An Oregon case, however, held that McDonald’s could be held liable for damages that resulted when a sapphire was found in a “Big Mac” at a franchisee restaurant. Similarly, a federal court in Illinois certified a class action by males against the restaurant franchisor Hooters Inc., as well its franchisees, for sexual discrimination in refusing to hire male employees. The court found that Hooters Inc. controlled the chain’s “core concept” of females waiting tables wearing cut-offs, tank tops, and orange jogging shorts, and thus could be held vicariously liable.
Apparent Agency as a Basis for Franchisor Liability
The existence of an agency relationship, however, is not the only basis courts have used to impose liability on franchisors. In some states liability based on “apparent” or “implied” agency has been allowed.
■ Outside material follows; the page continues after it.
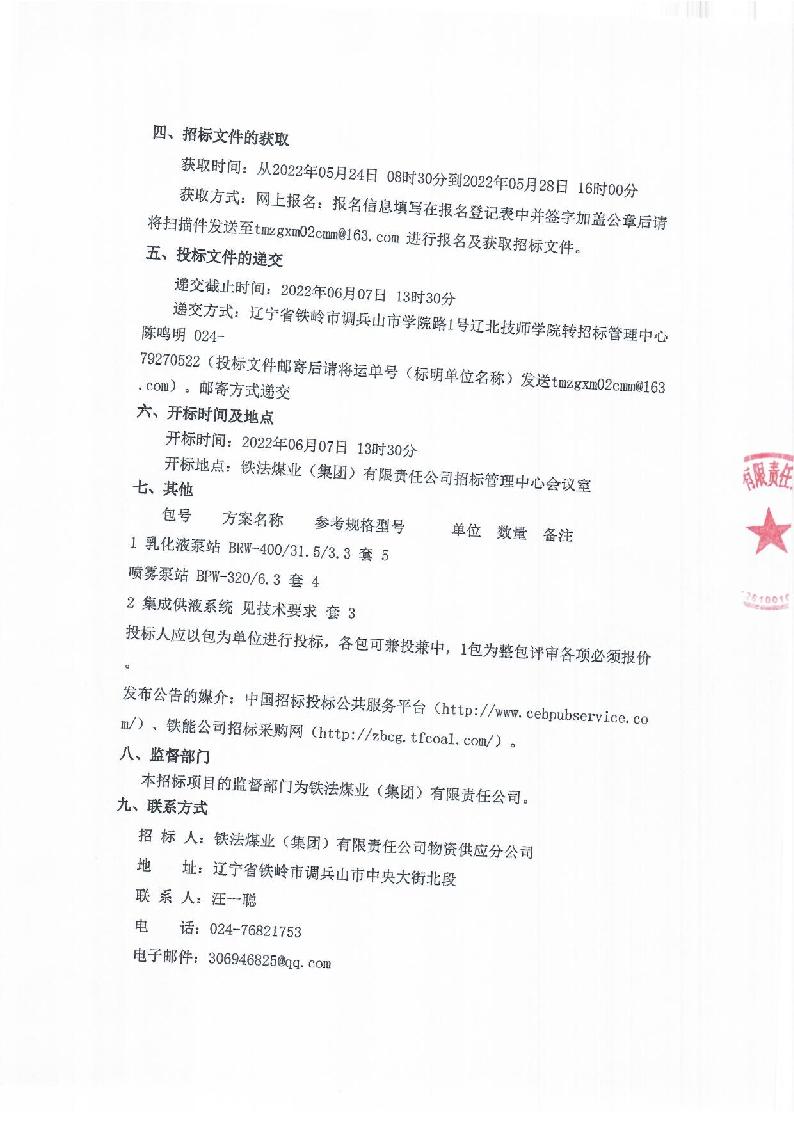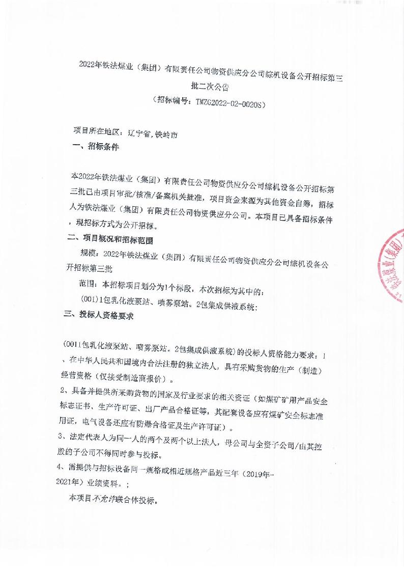 2022年6月7日综机设备公开招标二次公告

Agency liability focuses on the actual relationship, while apparent authority examines what the victim “reasonably believed” based upon circumstances, such as the actions of the franchisor and franchisee.
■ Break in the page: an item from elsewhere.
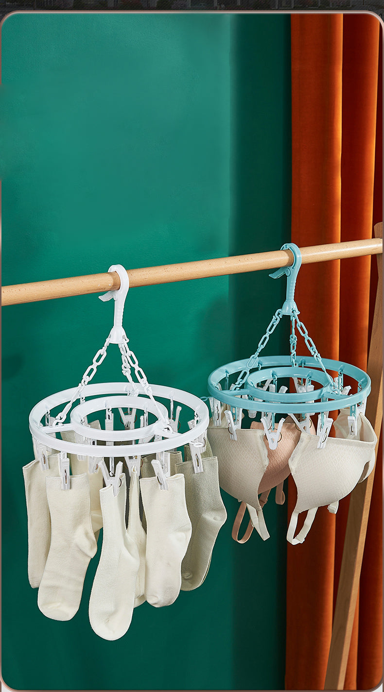 Torkstället har en diameter på 33 cm och är utrustat med 18 klämmor, vilket ger gott om utrymme för att hänga och torka kläder. De slitstarka klämmorna håller kläderna säkert på plats så att de inte glider eller faller av under torkningen.

Under this theory, the franchisor is prohibited (“estopped”) from denying the agency relationship and the authority of the franchisee to act for the franchisor because of its conduct. Factors necessary to establish apparent authority differ among states, but may include:
- The franchisor represented to others that the franchisee was acting on its behalf, or the franchisor consented to, or knowingly acquiesced to, a franchisee’s exercise of authority.
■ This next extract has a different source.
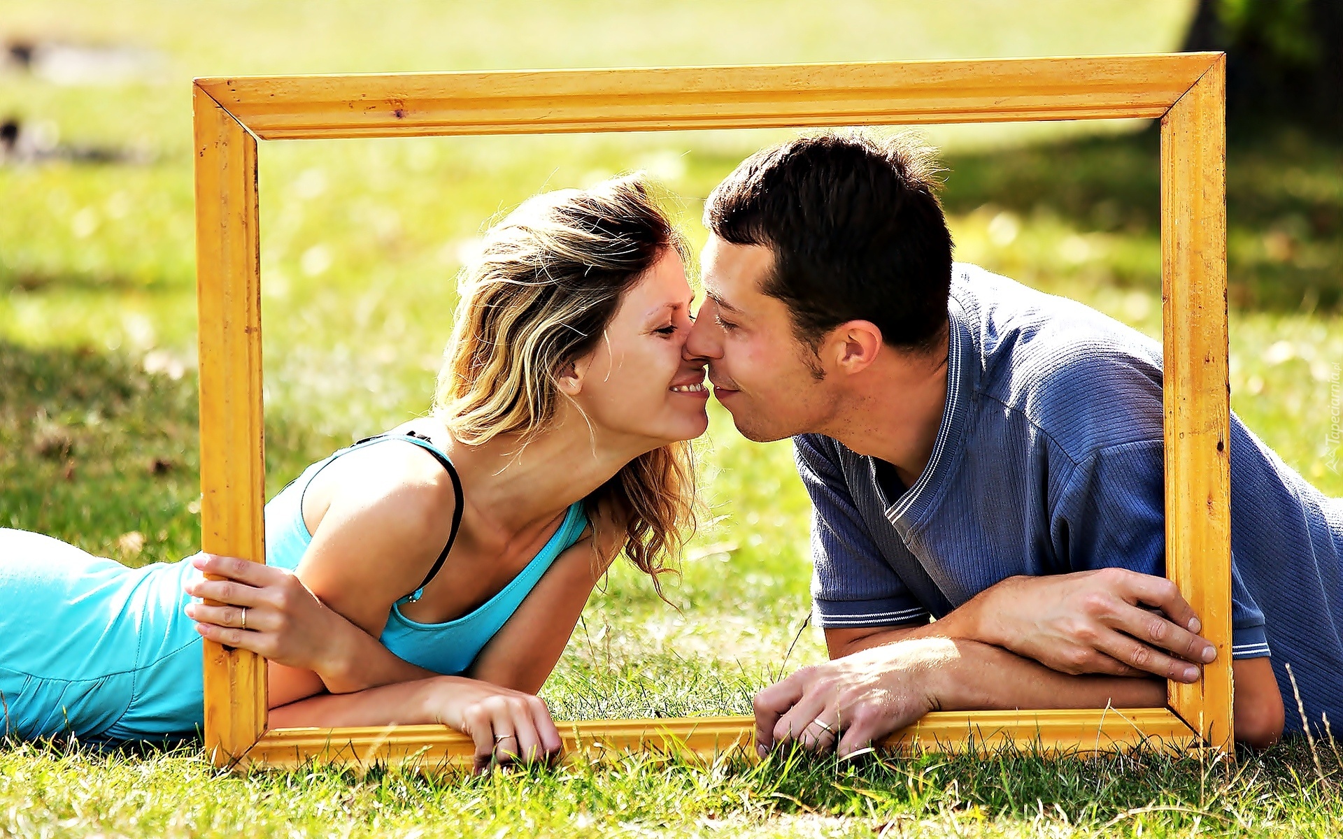 Edytor tapety: Para, Miłość, Łąka, Ramka

- A third party reasonably relied on the representation or had a good faith belief that the franchisee had the right to exercise authority for the franchisor.
- As a result of the reliance, the victim acted and was damaged.
In a 1993 case, the Illinois Supreme Court allowed a victim of medical malpractice to sue a hospital for the actions of an emergency room doctor, whom the hospital claimed was an “independent contractor.” The court found factors indicating the hospital had held the doctor out as its employee, hence “apparent agency” applied. In a later case, a patron of a McDonald’s restaurant slipped on water or ice in the bathroom. The court allowed the case to be dismissed, but affirmed that a plaintiff may sue the franchisor where reliance on apparent agency can be shown.
In a 1995 decision, however, the Florida Supreme Court upheld judgment for Mobil Oil Corporation when a patron of a franchisee filling station was attacked and severely beaten by the franchisee’s employee. The Court found there was not even a “minimum level of apparent authority” as a basis for Mobil liability, despite the required use of Mobil symbols and logos by the franchisee, the selling of Mobil products, and the Mobil logo on the employee’s uniform.